Dentro de la sala de maestros Iván estaba sumamente pensativo, miraba hacia la nada, seguía intentando procesar la historia que su hermano le contara. No podía caberle en la cabeza toda esa farsa que mantenía con su “novio” y el hecho de que estaba dispuesto ¡a casarse! Tan solo para darle gusto al estúpido engreído ese, le dolió el hecho de que al intentar convencerlo de dejar esa relación su propio hermano lo echara de su casa espetándole que no era capaz de comprenderlo, necesitaba de alguna forma hacerle ver que estaba cometiendo el error de su vida, pero ¿cómo? ¡cómo?
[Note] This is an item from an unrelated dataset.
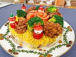 2025/12/19 惣菜で!? Xmasちらしずしケーキ 12/19 惣菜で!? Xmasちらしずしケーキ ★材料 18cm丸形 ~ちらしの具~ ニンジン70g 椎茸3枚 高野豆腐(細切り)15g だし汁100cc 砂糖大さじ1 みりん大さじ1 薄口醤油大さじ2 ~酢飯~ ご飯2合 粉末すし酢大さじ2 ~錦糸卵~ 卵3個 砂糖大さじ1 塩小さじ1/2 ~装飾用~ ブロッコリー(茹で)小分けにし5個 鶏唐揚げ(お惣菜)5個 サーモン(刺身用)9枚 ~サンタクロース~ ミニトマト4個 モッツァレラチーズ4個 黒ゴマ8粒 1.ニンジン、椎茸は細切りにし、高野豆腐、だし汁、砂糖、みりん、薄口醬油を鍋に入れ、沸騰したら弱火で汁気がなくなるまで煮る。 2.炊き立てのご飯に粉末すし酢を混ぜ、1のちらしの具材を混ぜる。 3.ケーキ型に錦糸卵を全体に敷いて、その上に2のちらし寿司を置く。 4.皿をふたにしてひっくり返しケーキ型を外す。 5.サーモンを巻いて作ったバラの花を中心に置いてブロッコリー、鶏唐揚げ、トマトのサンタを飾る。

Golpeo el puño contra la mesa derramando de esa forma su café.

- Me lleva la chin…

- Oye, oye sí que estas de malas el día de hoy – dijo Ana acercándose a él con un montoncito de servilletas de papel y limpiando el desastre que hiciera su amigo pregunto - ¿te sucede algo? es muy raro verte de malas.

- No, no es nada – dijo ayudando a limpiar su desastre.

- ¿Quieres que platiquemos? – le pregunto sin mirarlo.

- No, por el momento no, para serte honesto quisiera estar a solas un rato.

- Si eso es lo que deseas adelante – se volvió a mirarlo y le acaricio la mejilla mientras le sonreía – me voy entonces.

- Gracias – le respondió suspirando por lo bajo.

Sin duda alguna Iván tenía ganas de platicar con alguien y sabía con quien debía hacerlo

****

Me desvié de mi camino y dirigí mis pasos al edificio de Laura, tenía que verla, en verdad necesitaba verla, ya buscaría una excusa para sacarla del salón, al llegar a la escalera mi celular timbro.

- Bueno

- Hola preciosa necesito hablar contigo ¿puedo verte hoy por la noche?

- Pareces ansioso ¿estás bien?

- En realidad no, es por eso que necesito hablarte.

- De acuerdo – levante la mirada y vi a uno de mis alumnos que me hacia señales con la mano - ¿a qué hora te espero en casa? – me encamine rumbo al laboratorio.

La vi desde la esquina de los baños de los hombres, el corazón me latió deprisa, me preguntaba si Karla habría ido a mi salón a buscarme, miles de preguntas cruzaron por mi mente, me sentí vulnerable ante mi propio sentimiento, al salir de ese pasillo pude verla todavía me detuve y la contemple, su alta figura, su caminar firme y seguro, su cabello reluciente al sol, el corazón me golpeaba con fuerza, me embargo un sentimiento tan extraño, que empecé a caminar hacía ella cada vez un poco más rápido, ¿qué era esta extraña sensación que me estaba oprimiendo el pecho al grado de dificultarme respirar?, no lo sabía no lo comprendía no podía entenderlo sin embargo estaba corriendo tras ella, ¿qué sucedía conmigo?, ¿por qué estaba haciendo eso?, ¿es que acaso no me importaba si alguien me miraba y se preguntaba de mi extraño comportamiento?, ¡no lo sabía!... simplemente necesitaba alcanzarla y así lo hice al llegar al área de los laboratorios la tome de la mano.

- Laura – me dijo al volver el rostro me sonrió por un instante y acto seguido pude notar su gesto de extrañeza - ¿sucede algo? – me pregunto posando su mano sobre mi hombro.

- Maestra – dijo un chico asomándose por la puerta – ya todos acabamos ¿nos podemos ir ya?

- Si adelante – contestó mirándolo fugazmente

En menos de dos minutos el laboratorio quedo por completo vacío, Karla me tomo de la mano y nos metimos me hizo una seña con la mano para que me sentara en una de las bancas. En ese momento salió Lorena que era la chica que se encargaba de administrar el material a los alumnos para las prácticas.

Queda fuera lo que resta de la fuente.